• What is needed
Transcribe the listing below exactly, leaving out each image.

• Data block

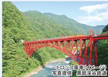
トロッコ電車(イメージ)
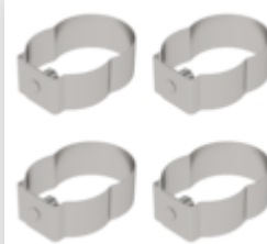
N° de commande: 019136 Anneau élastique pour échafaudage roulant avec goujon court, fermé
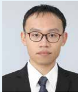
東北福祉大学 総合マネジメント学部

日本での就職を具体的に考える際の選択の手がかりとしてプログラムに参加しました。就職活動で大変だったことは、自分に合う職種を見つけること、どなたかところで働きたいのかを決めることでした。自己分析や企業リサーチにも苦戦した中で、無事に就職できたのは DATEntre の一員だったことが大きいと思います。特にビジネス場面で使う日本語はここで勉強したことが、面接などで直ぐ役立ちました。

• Your solution
トロッコ電車(イメージ)
N° de commande: 019136 Anneau élastique pour échafaudage roulant avec goujon court, fermé
東北福祉大学 総合マネジメント学部

日本での就職を具体的に考える際の選択の手がかりとしてプログラムに参加しました。就職活動で大変だったことは、自分に合う職種を見つけること、どなたかところで働きたいのかを決めることでした。自己分析や企業リサーチにも苦戦した中で、無事に就職できたのは DATEntre の一員だったことが大きいと思います。特にビジネス場面で使う日本語はここで勉強したことが、面接などで直ぐ役立ちました。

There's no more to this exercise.